Hawking went over everything from Einstein's Theory of Relativity to string theory to chaos theory to black holes to worm holes to time travel and star trek (he does have a sense of humor!). I really enjoyed his explanation of black holes and worm holes. He spoke about those in simpler terms that were pretty easy to understand. Time travel was confusing and mostly concluded to be impossible at a macro level but not impossible at a micro level.

With the star trek portion, we ventured into aliens and other forms of intelligent life. His take on that is pretty interesting. Along with this, I've been watching his show Into the Universe and he delves more on aliens there. And somehow makes it more interesting.

I think any form of science geek will enjoy this, even when it flies over their head.

Sunday, June 20, 2010

Surviving The Dragon by Arjia Rinpoche

Firstly, this copy of the book is signed by Arjia Rinpoche ... in Tibetan, no less.

I've read the book from the Dalai Lama's perspective on the takeover of Tibet by China. Or the liberation of Tibet if you swing that way. Surviving the Dragon is Arjia Rinpoche's account of the same takeover from inside Tibet. He didn't manage to escape Chinese rule until the 90s, having survived 40 years under Chinese rule. China came into Tibet to "free" them in 1949. Arjia Rinpoche was 8 in 1958 when the Chinese came into his monastery and basically tore everyone's life apart under the guise of freeing them from feudal serfdom.

Arjia Rinpoche is the 8th incarnation and was found in his family's little nomadic hut and taken to Kumdum monastery to serve out his duties. This book starts there and takes us through all of the horrors of communist China and the humiliations and torture faced by many monks at that time. Arjia Rinpoche was lucky and rose higher in the political world, but many of his fellow monks, teachers and friends weren't so lucky.

Arjia Rinpoche now heads the Tibetan Mongolian Buddhist Cultural Center in Bloomington, Indiana and through his book, tells a fantastic story of surviving what couldn't even be imagined here in America.

Sunday, June 13, 2010

Storm Prey by John Sandford

I am stupidly dedicated to the Prey series and I will probably always love me some Lucas Davenport. And Virgil Flowers. But I've been wondering: what happened?? Why is the Prey series now a run of the mill mystery?

Lucas is incredibly intelligent, shrewd and will kill you if he needs to.

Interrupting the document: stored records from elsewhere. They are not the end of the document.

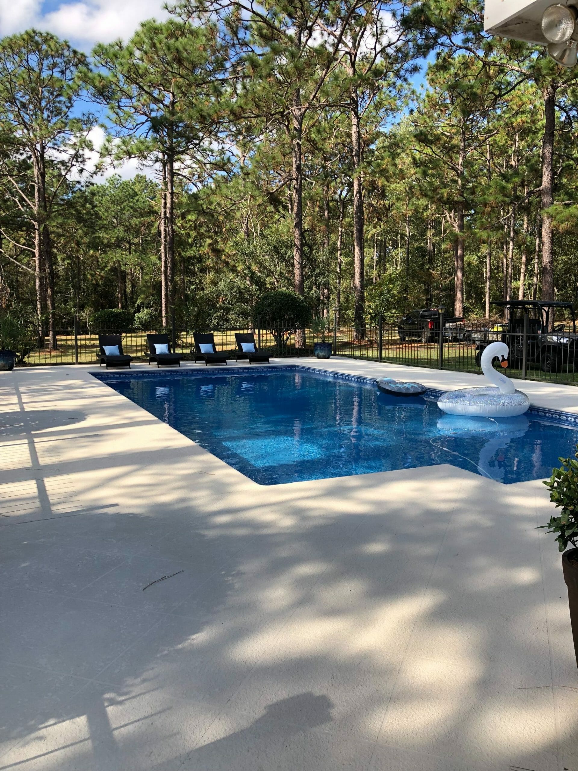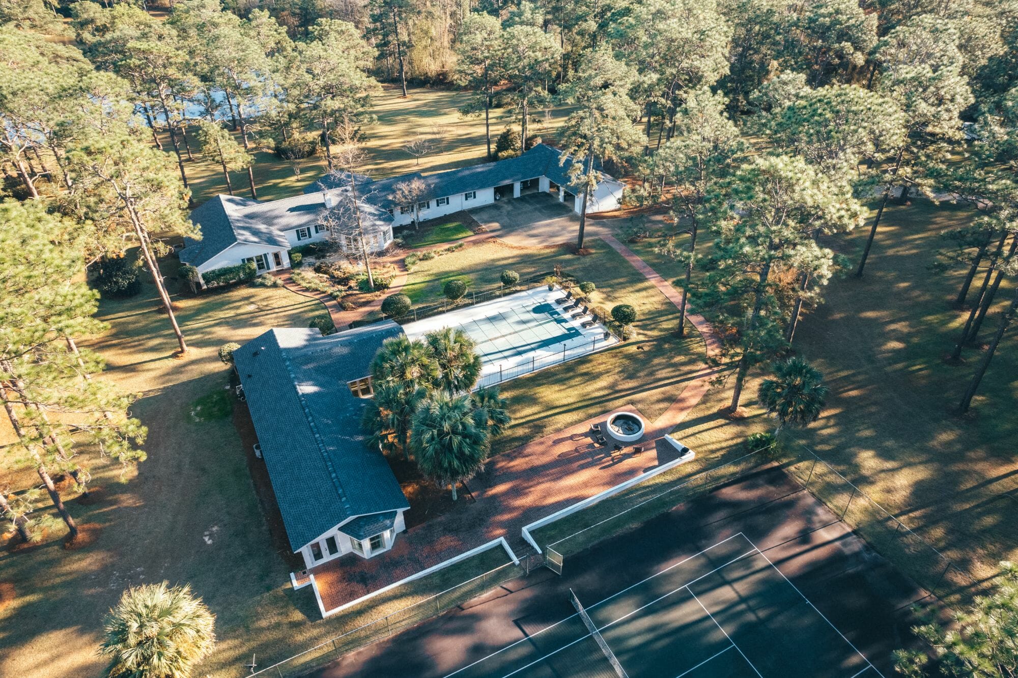 The newly renovated (2020) guest/pool house has great wife appeal. It is 1900 sq ft and turn key ready to walk in and begin enjoying life in the country. There are 2 BR/1BA with a dry sauna located in the bath perfect for ensuring your days are relaxing. The design and decor is modern farm house with an open floor plan that transitions into a large sunroom dining area overlooking the pool and fire pit. The outdoor space has new decking in the pool area, a new pool liner and is fenced with iron gate fencing. The patio area includes a new fire pit and is lined with brick pavers complimenting the surrounding pines for that classic South Georgia feel. This area is the perfect space for entertaining guest and enjoying the outdoors. If tennis is your game, grab your racket and head up to the courts for a quick match with friends.
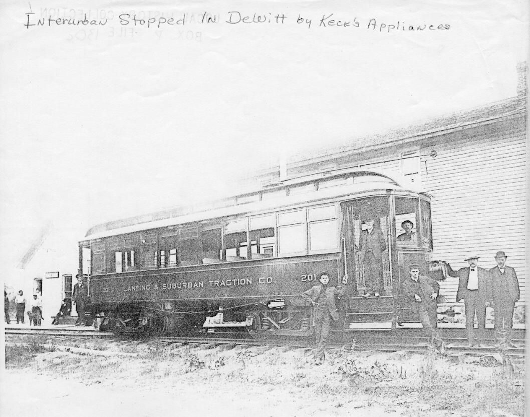 Interurban at DeWitt Depot (photocopy of originals owned by Gwen House). Stopping next to Woodman Hall.
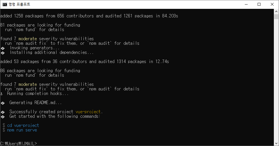 SuccessFully create project vue-project. 문구를 확인후 아래 명령어를 입력해준다.
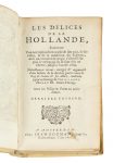 PARIVAL (Jean-Nicolas de), Les Délices de la Hollande, dernière édition. Amsterdam chez Jean Bouman, 1678. Un volume In-16, illustré. Illustrations : frontispice, carte générale, 16 plans de villes hollandaises, une planche représentant les...
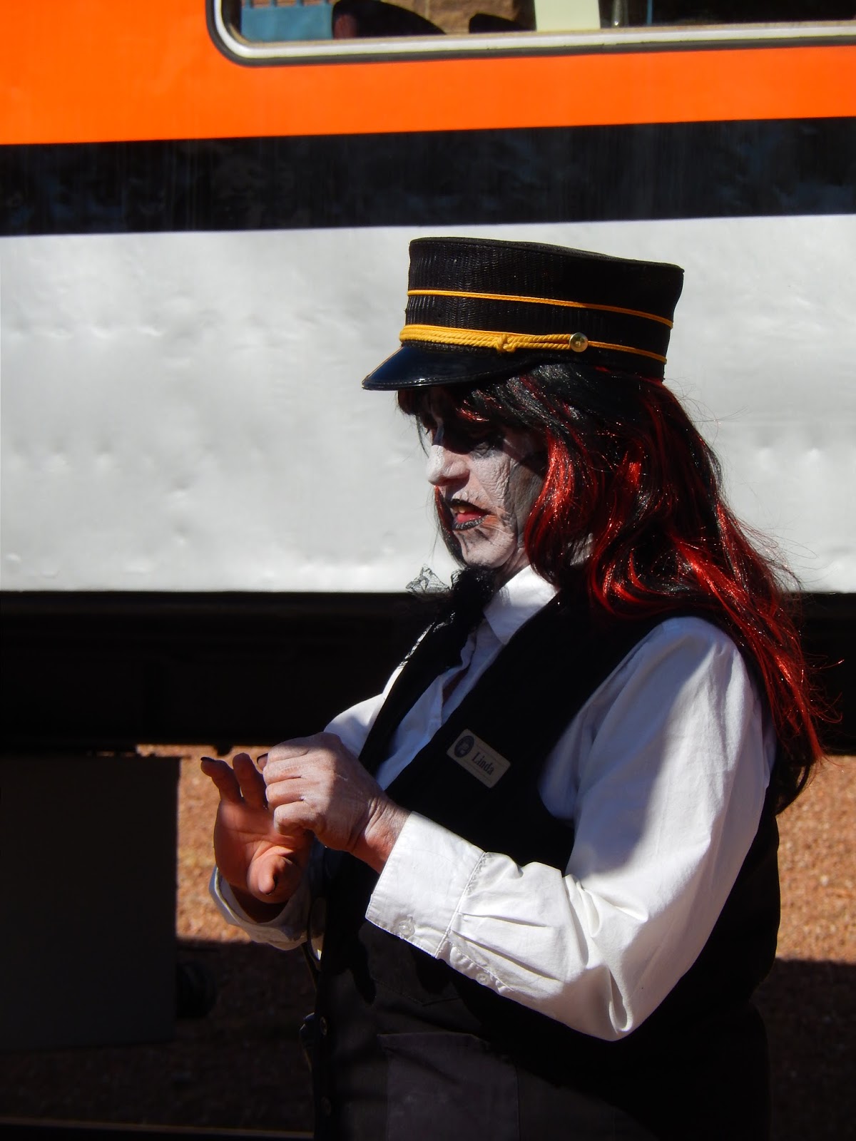 Evidently this is Halloween weekend (who knew that was a thing.....) so our train was decorated for the holiday as were the workers.....
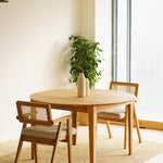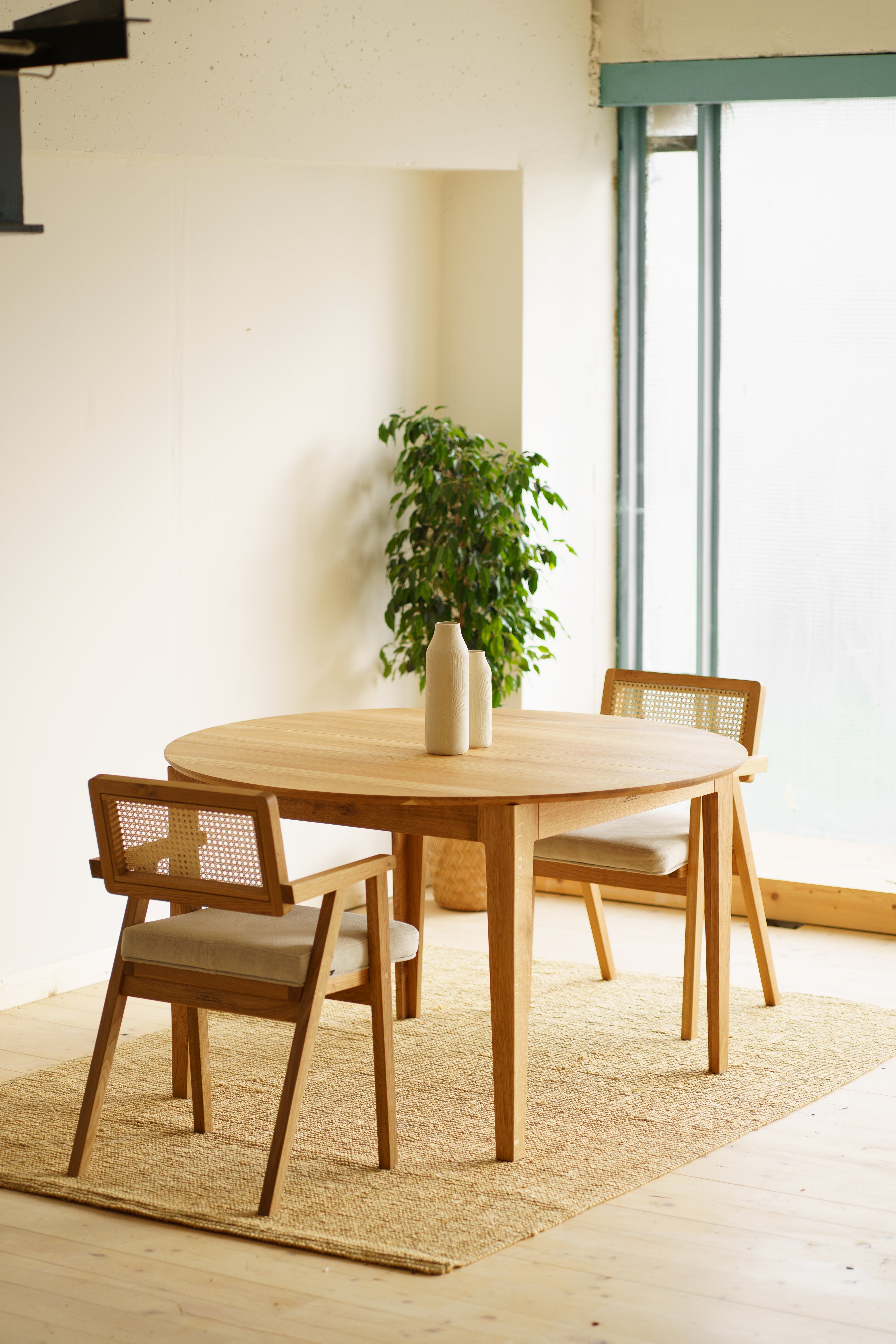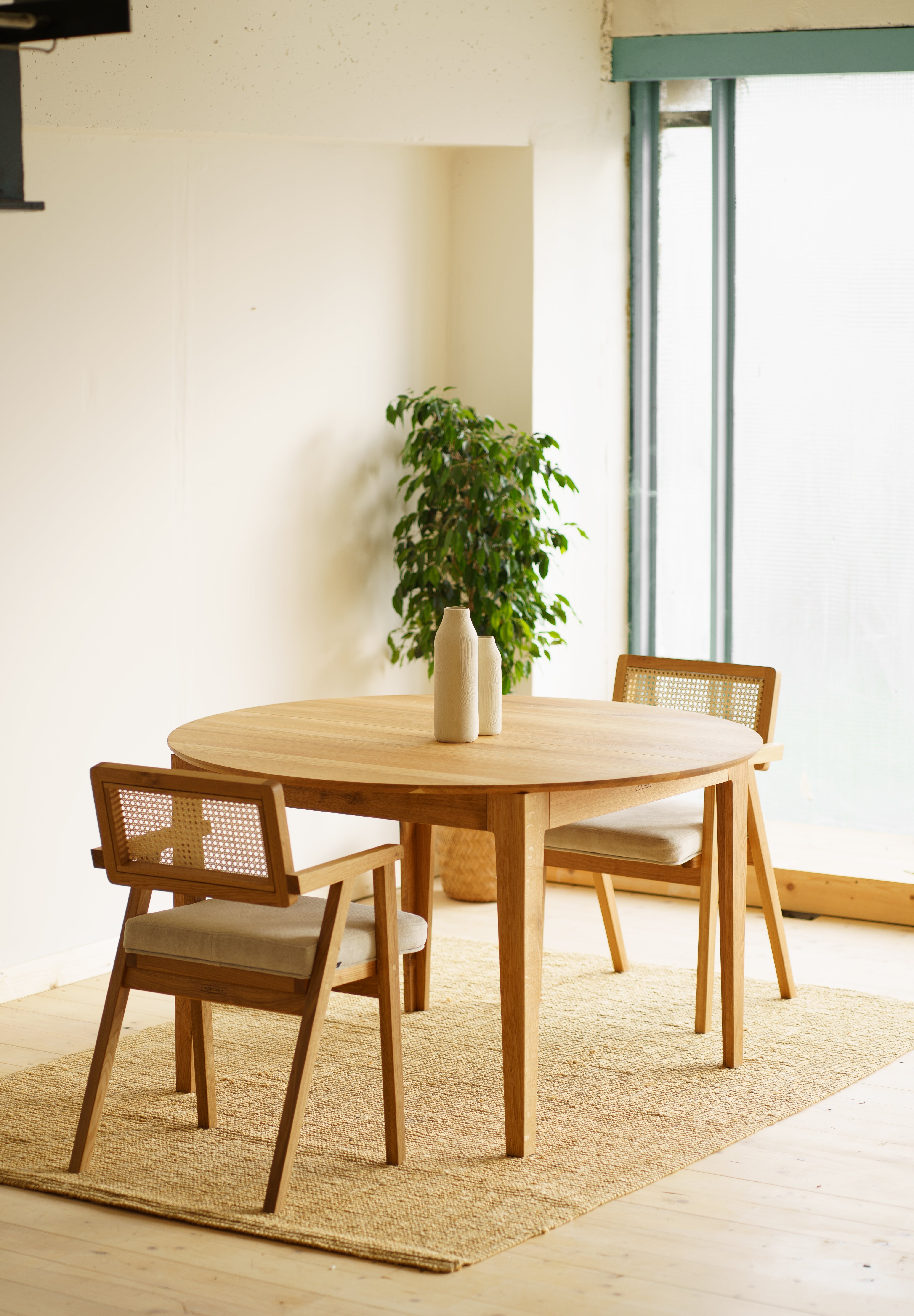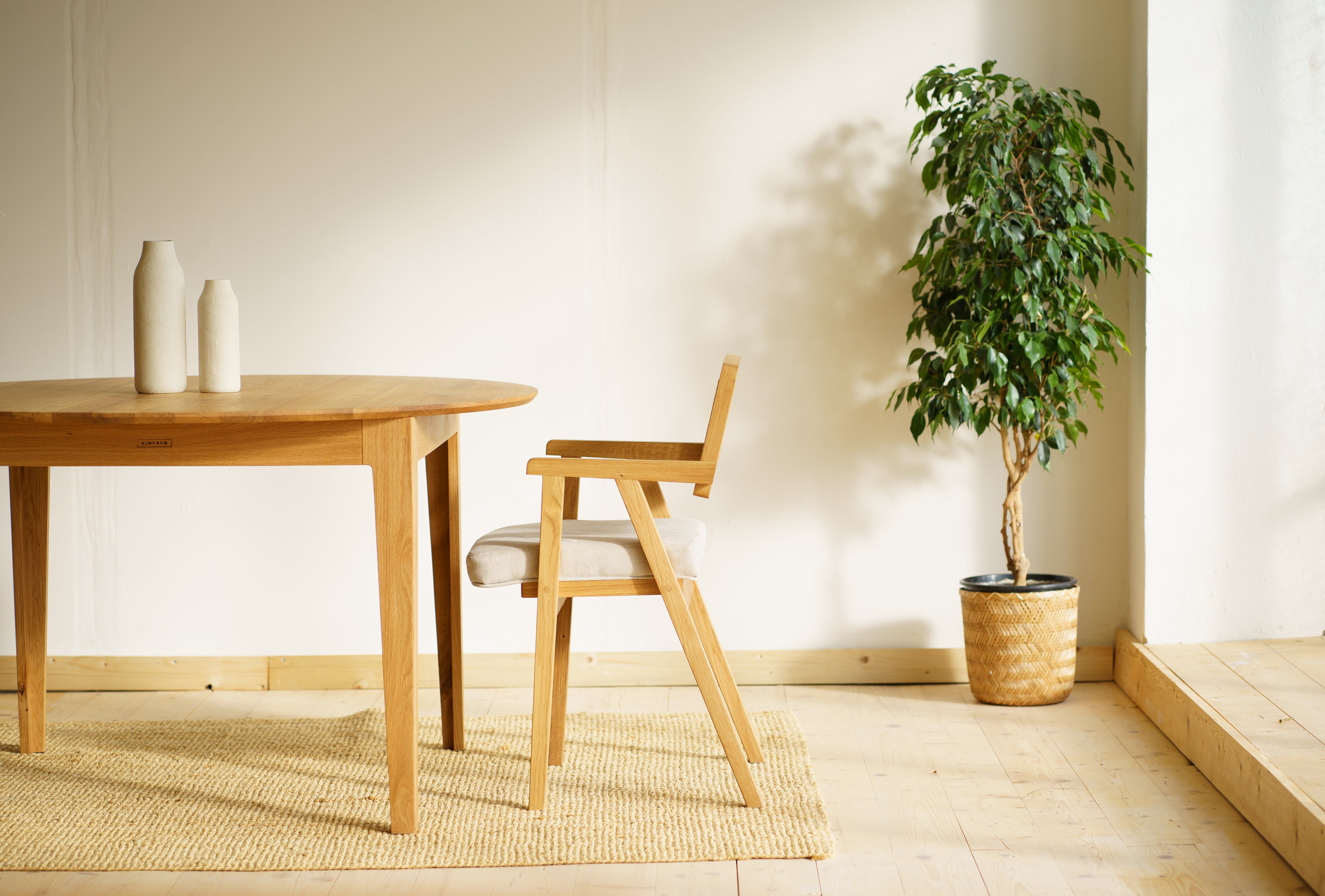 Colorless, natural wax oil emphasizes the aesthetic grain of the wood and easy maintenance. The round shape of the tabletop brings purity and aesthetics, thanks to which the beauty of this table stands out even more.
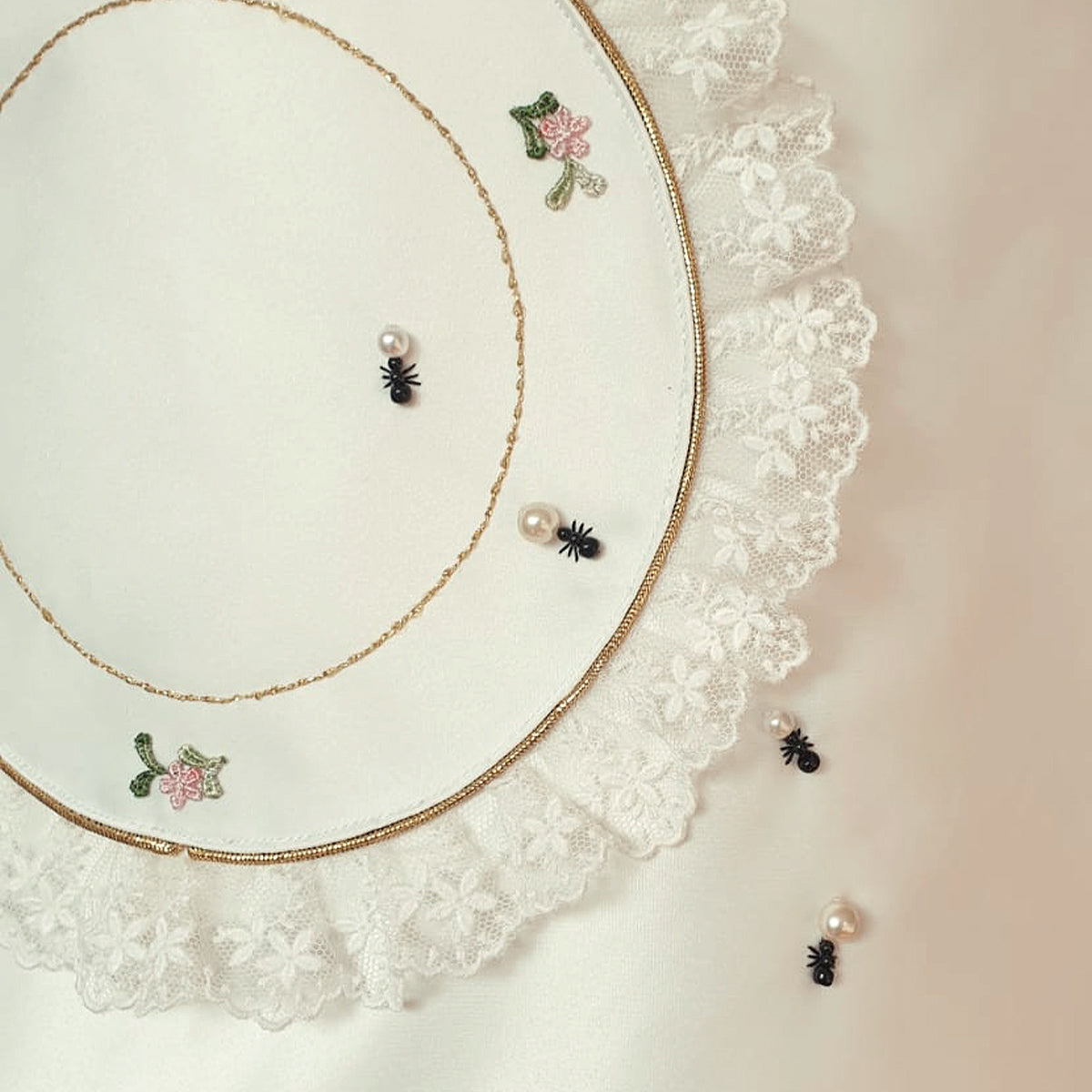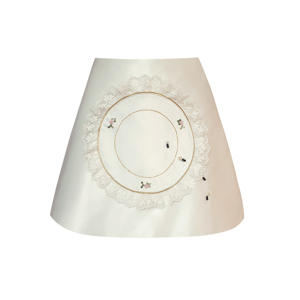 Made to Order bias cut white satin mini skirt. Vintage lace and hand stiched flowers detail. Beaded ant embroidery. Fully lined. Designed and handmade by me in my small studio in Lima, Peru. Hand washing is recommended, wash inside out. Hang to dry. If needed, tumble dry low.

He used to go up against some intelligent, shrewd killers in previous books but the last few have been disappointing. He's having to go against some of the dumbest damn people ever. There's no mystery or challenge anymore.

The hospital that Weather works at is robbed with the pharmacy wiped clean. Someone dies in the process and everyone is up in arms. The Mack brothers and an inside doc are the criminals and they are all as dumb as bricks. And drug addicts to boot. Fabulous.

For a regular ol' mystery, this is good. For a Davenport book (with that Fuckin' Flowers even!!!) it's just not that good. Lucas needs better villians to go up against. No more stupid rednecks.